Сунул он руку за пояс, достал дирхемов двадцать зелья, от которого человек в беспамятство впадает. Если комочек в один дирхем весом в вино бросить, сто человек с ног свалит. Протянул он пять дирхемов зелья Атешаку и сказал:

– Если сможешь, по моему знаку бросишь в вино да пригляди сперва, чтобы это вино Магугару поднесли, а с прочими я и сам управлюсь.

– Богатырь, ты, никак, хочешь меня в кравчего обратить? – говорит Атешак. – Нет, это дело не по мне. Это уж ты сам верши.

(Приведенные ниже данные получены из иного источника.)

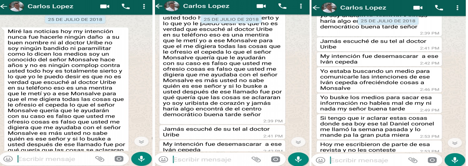 Prada dijo: "yo he venido aquí a demostrar que yo no he cometido ningún delito". E hizo referencia a los chats que, a través de WhatsApp, demuestran que el señor Monsalve a través del señor Carlos López.
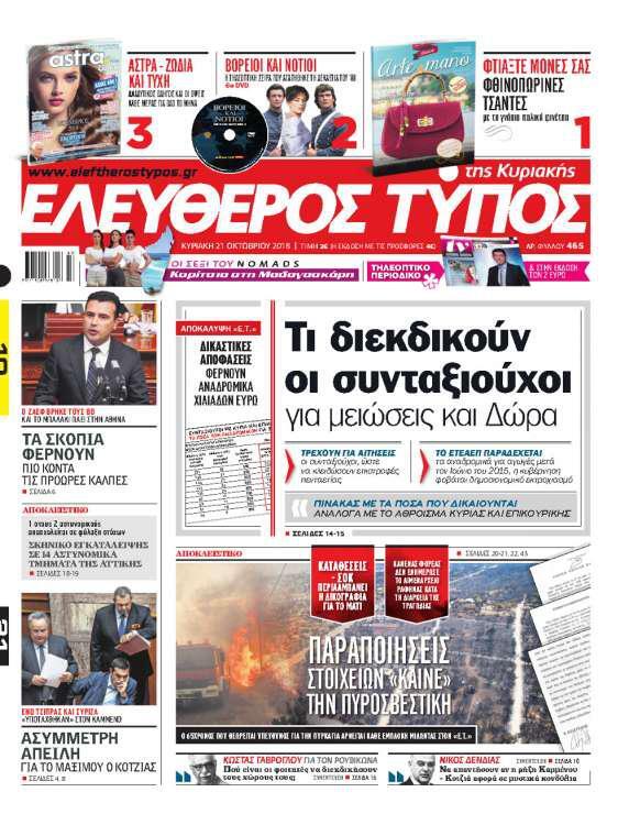 Με κεντρικό τίτλο «Τι διεκδικούν οι συνταξιούχοι για μειώσεις και δώρα» καθώς όπως αποκαλύπτει ο Ελεύθερος Τύπος της Κυριακής, οι δικαστικές αποφάσεις που έχουν βγει έως τώρα «διατάσσουν» στα Ταμεία την επιστροφή κομμένων συντάξεων και Δώρων, λόγω αντισυνταγματικότητας, δύσκολα ανατρέπονται και ανοίγουν το δρόμο για μαζικές διεκδικήσεις από δεκάδες χιλιάδες συνταξιούχους!
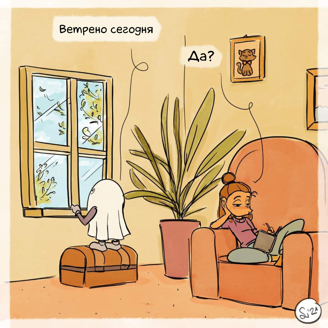 Сара Веттори - это иллюстратор студии Netflix, которая помимо своей основной деятельности, рисует веселые и яркие комиксы. Одна из таких серий - это о любознательном призраке. Осталось всего две части, что равно одна статья о них, и я сяду за перевод комиксов о рыцаре, который подружился с драконом. В виде рыцаря, конечно же сама Сара, которая сначала хотела пойти в бой с Драконом, но после передумала и осталась жить с ним, смеясь над другими смельчаками. Комикс о призраке и развлечениях заставляет меня сегодня кипеть. Дело в том, что сейчас я решила раз в дне недели устраивать себе какое-нибудь интересное развлечение. На следующей неделе это будет огромный парк развлечений, в который я уже купила билеты. Это к тому же будет моим днем рождения. Я родилась 28 июля, но праздновать буду 29 числа, потому что в четверг подруги не смогут. Ну и есть вероятность, что коллеги вспомнят про мой День рождения. А в августе я хочу сплавиться на сапах по довольно длинному маршруту и, разумеется,

Коли охота, сам вино разливай, а меня, ради бога, не замай, на такую страсть не толкай!

Самак говорит:

– Ну, Атешак, да ты вовсе ни к чему не пригоден!

– Не мое это дело, – отвечает Атешак, – и не уговаривай. Коли тебе надо, сам и старайся.

Взял Самак кинжал, за пояс заткнул, спрятал хорошенько, чтобы не видал никто, и пошли они к Магугару. Поздоровались, Магугар встал им навстречу, все остальные тоже поднялись. Магугар велел, чтобы вновь прибывших посадили выше всех, и, прежде чем за еду приниматься, велел две кипы одежды принести. Отобрал два красивых платья и пожаловал им. Самак подумал: «Это платье точно для Хоршид-шаха изготовлено!» – и сказал Атешаку:

– Я отдам это платье Хоршид-шаху, уж очень оно ему подходит!

– А я свое – Фаррох-рузу, – говорит Атешак, – ведь они братья.

В это время шербет принесли и закуски, а там и столы накрыли.

После еды устроили пир веселый. Магугар спрашивает:

– Ну, как, Самак-пахлаван, осмотрел хлебные амбары? Я распорядился, чтобы десять тысяч харваров зерна, которые Аргун посылает, тоже в крепости разместили.

Самак поклонился и ответил:

– Мы ожидали, что пахлаван распорядится завтра нас отпустить.

– Так я и сделаю, – говорит Магугар. – Сегодня вина выпьем, а завтра делами займемся.

С этими словами принялись они за вино. Каждый Самаку заздравную чашу дружбы посылает, а Самак ее выпивает. Когда же за здоровье Атешака чашу подымают, Самак говорит:

– Атешак у нас вина не пьет, я за него выпью.

Все и довольны. Разгорячились все от вина, только на Самаке никаких следов хмеля незаметно. Магугар думает: «И как только в него столько винища влезает?» А тут как раз Самак встал, взял кубок с вином, подошел к Магугару. Перед Магугаром стоял высокий золотой кувшин, узором торанджи украшенный. Самак его взял, поцеловал, опять перед Магугаром поставил и говорит:

– Вот какой кубок я тебе в знак дружбы посылаю!

Магугар про себя говорит: «Да разве такое возможно выпить?! Он-то, может, и глотает по десять манов зараз, а мне как с этим справиться?»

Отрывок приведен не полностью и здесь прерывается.